Exchange bias phenomenology and models of core/shell nanoparticles

TL;DR

This paper reviews exchange bias phenomena in core/shell nanoparticles, compares experimental observations with existing models, and presents simulations that provide microscopic insights into the effects, matching experimental results.

Contribution

It introduces a simple, tunable model for core/shell nanoparticles that explains exchange bias phenomenology and aligns well with experimental data.

Findings

Simulations reproduce key experimental exchange bias effects.

Interfacial spin order significantly influences magnetic behavior.

Model quantifies loop shifts consistent with observations.

Abstract

Some of the main experimental observations related to the occurrence of exchange bias in magnetic systems are reviewed, focusing the attention on the peculiar phenomenology associated to nanoparticles with core/shell structure as compared to thin film bilayers. The main open questions posed by the experimental observations are presented and contrasted to existing theories and models for exchange bias formulated up to date.
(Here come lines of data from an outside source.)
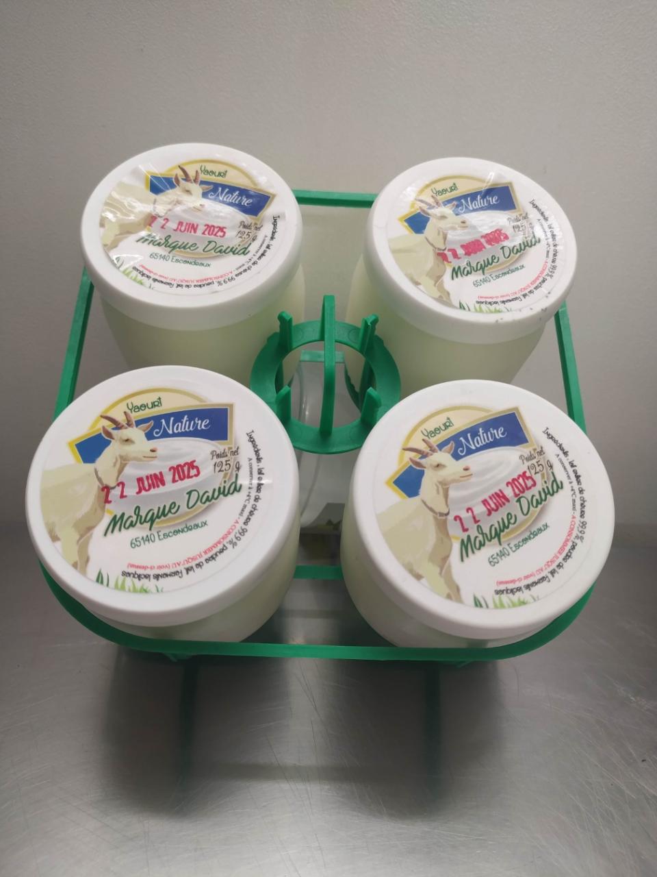 Yaourt realisé avec le lait cru entier produit sur l'exploitation avec les chèvres de race saanen et alpine.
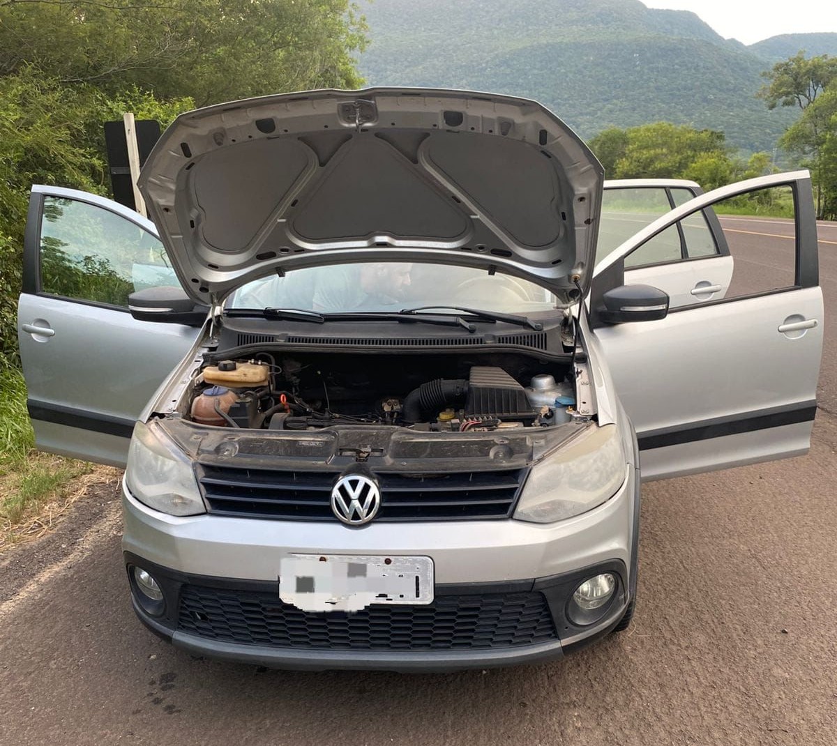 O veículo foi localizado trafegando pela BR-101 em direção a Santa Catarina e a abordagem foi realizada na RS-407. Durante a fiscalização, os policiais constataram que o carro utilizava placas clonadas. Após verificação, foi identificado que as placas originais pertenciam a um automóvel roubado em Porto Alegre no ano de 2017.
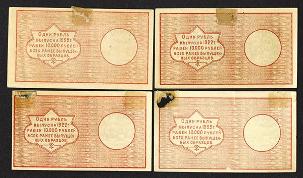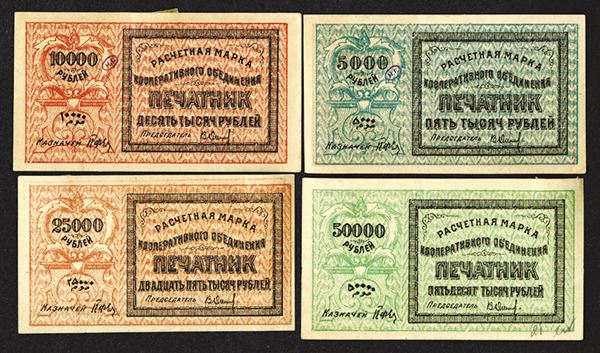 Russia, Lot of 4 notes, all unlisted in SCWPM, Includes 5000 Rubles; 10,000 Rubles; 25,000 Rubles and 50,000 Rubles, all in different colors, Choice XF to AU and all with light hinge remnants on back from previous mounting that can be removed. Attractive and rare private issues.
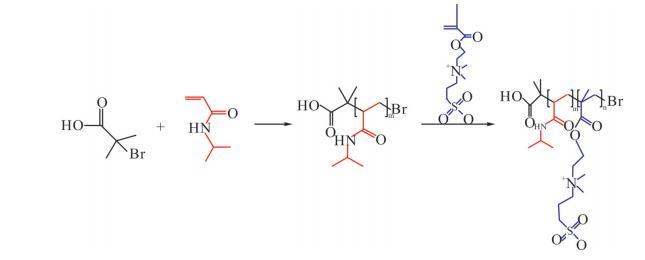 首先將a-溴代異丁酸(0.0167g,相當于0.1mmol)、NIPAM單體和5mL去離子水加入至真空反應管I中。隨后,利用超聲處理直至所有固體組分完全溶解,充入氮氣作為保護氣持續10min。另外,在真空反應管II中添加CuBr(0.0036g,0.025mmol)和2mL去離子水,進一步加入Me。TREN配體(13.4μL,0.05 mmol)和PMDETA配體(8.9μL,0.05mmol),充入氮氣保護10min。在保持氮氣氛圍的條件下,使用真空注射器將真空反應管I中的內容物轉移到真空反應管II中并進行密封,反應30min。此外,在真空反應管III中將甜菜堿單體和5mL去離子水混合,經過超聲處理直到完全溶解,充入氮氣保護10min。NIPAM聚合反應啟動1h后,再將真空反應管III中的物質通過真空注射器,在氮氣保護下加入到反應管II中,繼續反應2h以確保反應徹底完成。反應完成后,將反應液置入截留分子量為3500的透析袋中,用去離子水透析48h,每8h更換一次水。最終,將透析后的溶液進行冷凍干燥處理,去除所有水分,從而得到最終產物。在整個合成過程中,控制加入的單體總的物質的量為10mmol,根據NIPAM的加入比例(分別為100%,80%,50%,40%,20%和0%)合成了一系列P(NIPAM-b-DMMPPS)嵌段聚合物。這些聚合物根據其NIPAM的比例命名為PN_100,PN_80,PN_50,PN_40,PN_20和PN_0,以便于后續的實驗分析與研究。精確控制實驗條件和原料比例。聚合過程如Scheme1所示。
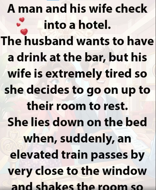 The husband wants to go to the bar for a drink, but his wife is quite tired, so she decides to go to their room and sleep.
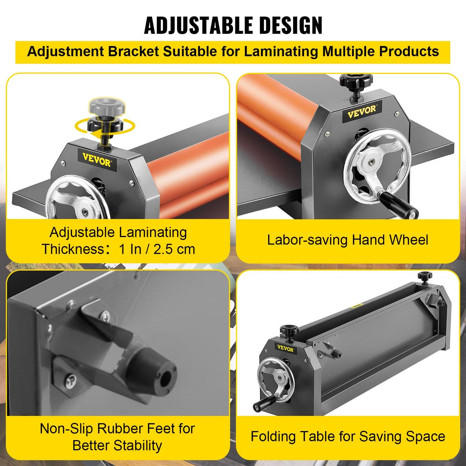 – Adjustable & Folding: Hand crank laminating machine adapts the adjustable roller position, suitable for various material thicknesses; the folding table is convenient for storage and easy to use.
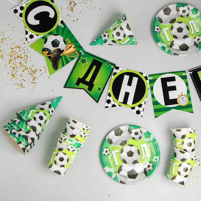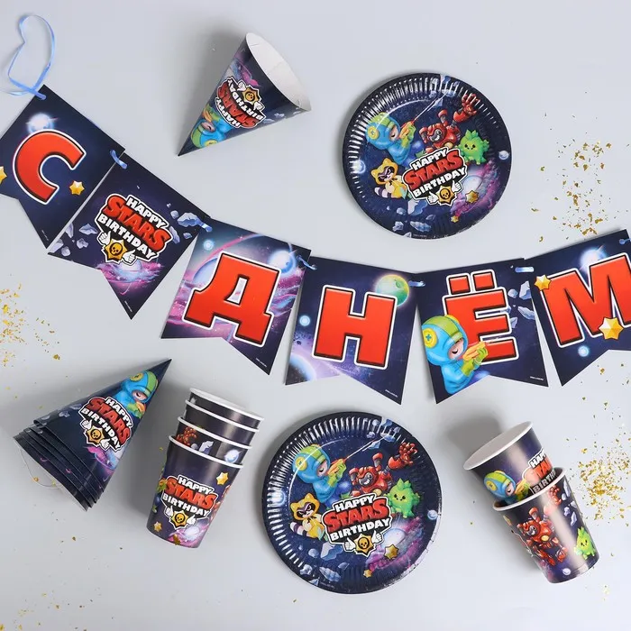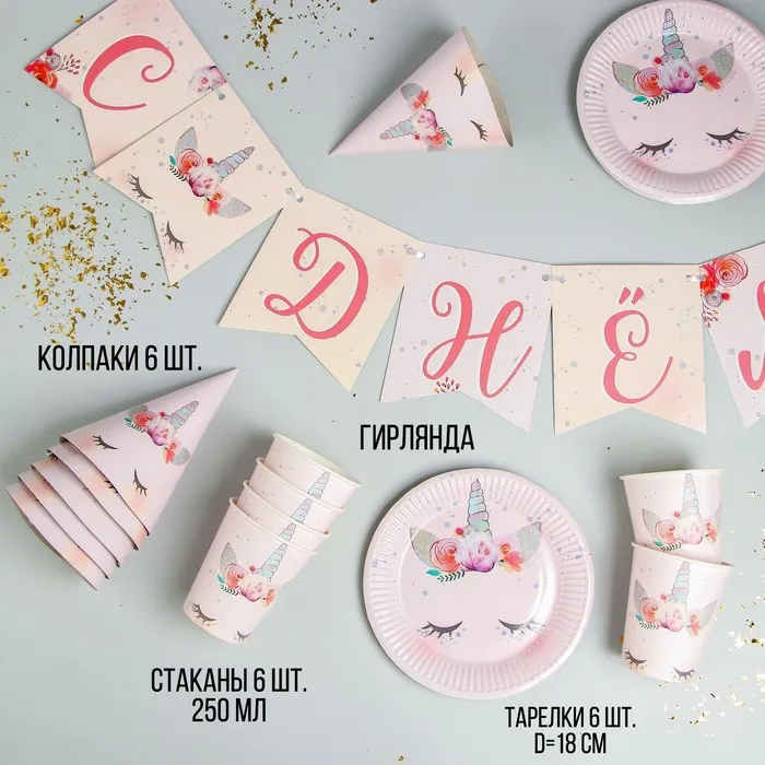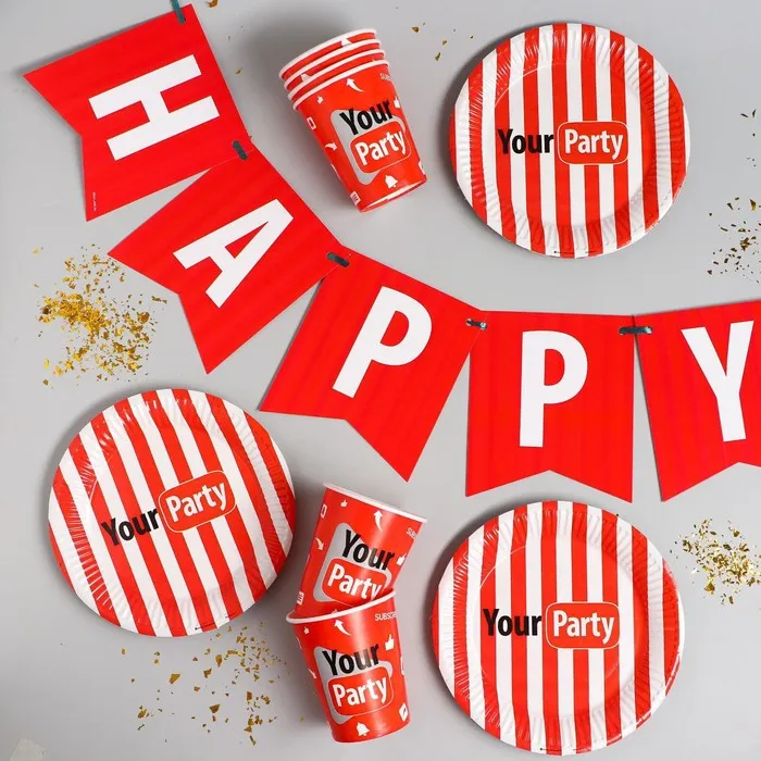 Посуда одноразовая бумажная Your party, 6 тарелок, 6 стаканов, 1 гирлянда
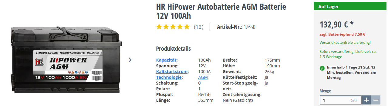 Mein Lithium-Angebot hat er auf Grund des Preises ausgeschlagen und wieder einen Satz AGM (72 V) für 600 Euro gekauft. Der Opa war damals aber schon 90 Jahre alt - konnte ich verstehen.
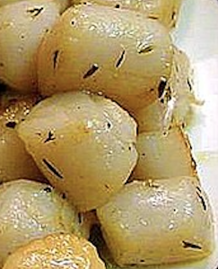 Faites ensuite rissoler vos pétoncles, environ quatre par personne, cinq si vous voulez être généreux, toujours dans le même beurre et dans une poêle assez chaude. En même temps, faites revenir un ou deux oignons verts avec ces dites noix de Saint-Jacques. Déglacez ceci avec une eau-de vie de poire, telle que celle produite par la Distillerie de Québec, produit disponible à la Société des Alcools du Québec. N’exagérez point: ne mettez qu’environ deux cuillerées à soupe maximum de cette eau de vie. Si vous préférez donner un côté un peu plus sucré au plat, déglacez plutôt avec un poiré de glace tel que celui du Domaine des Salamandres, à Hemmingford, en Montérégie, spécialistes de la poire; particulièrement leur Poiré de glace cuvée limitée, élevée en fûts de chêne.
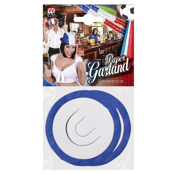 Girlanda papierowa w kolorze czerwono-biało-niebieskim.
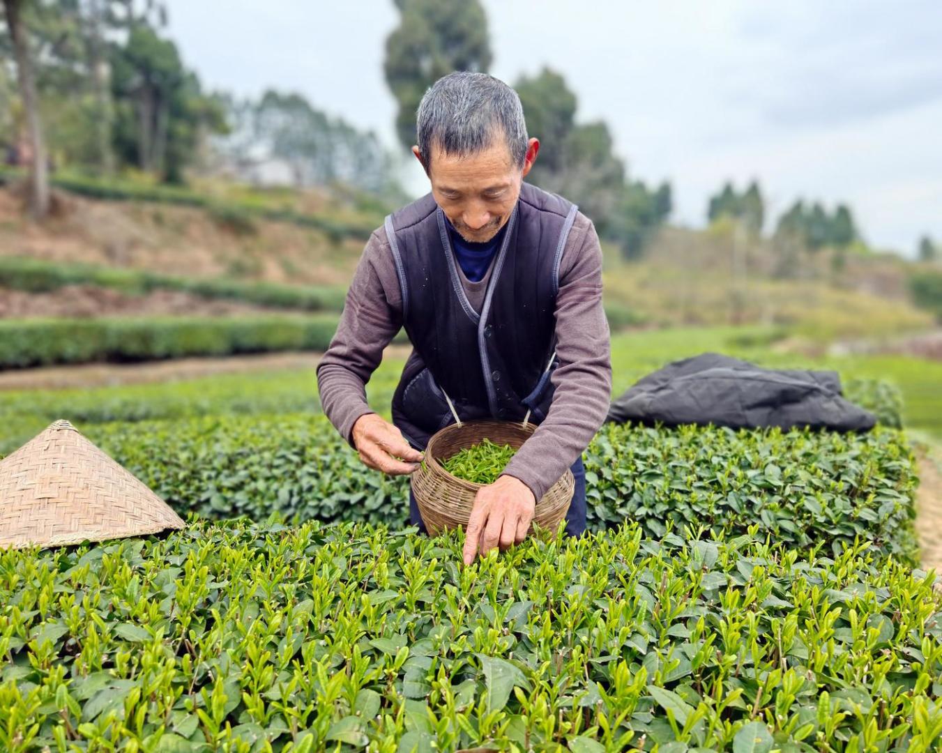 当水利建设的“硬仗”在粮田上打响时,另一场与时间赛跑的“变现战”正在海拔较高的张场镇茶山上演。
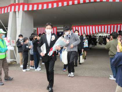 出会いの庭に出た卒業生の周りには家族や5年生が、更には2階のテラスや廊下からは1〜4年生が囲むように集いました。PTAから卒業生担任に花束が贈られた後、卒業生は「ありがとうございました」と最後の挨拶をしていよいよ門出です。「おめでとう」と巣立つ卒業生に声をかける在校生の声が出会いの庭に響いていました。

We also present results of simulations based on a simple model of a core/shell nanoparticle in which the values of microscopic parameters such as anisotropy and exchange constants can be tuned in the core, shell and at the interfacial regions, offering new insight on the microscopic origin of the experimental phenomenology. A detailed study of the of the magnetic order of the interfacial spins shows compelling evidence that most of the experimentally observed effects can be qualitatively accounted within the context of this model and allows also to quantify the magnitude of the loop shifts with striking agreement with the macroscopic observed values.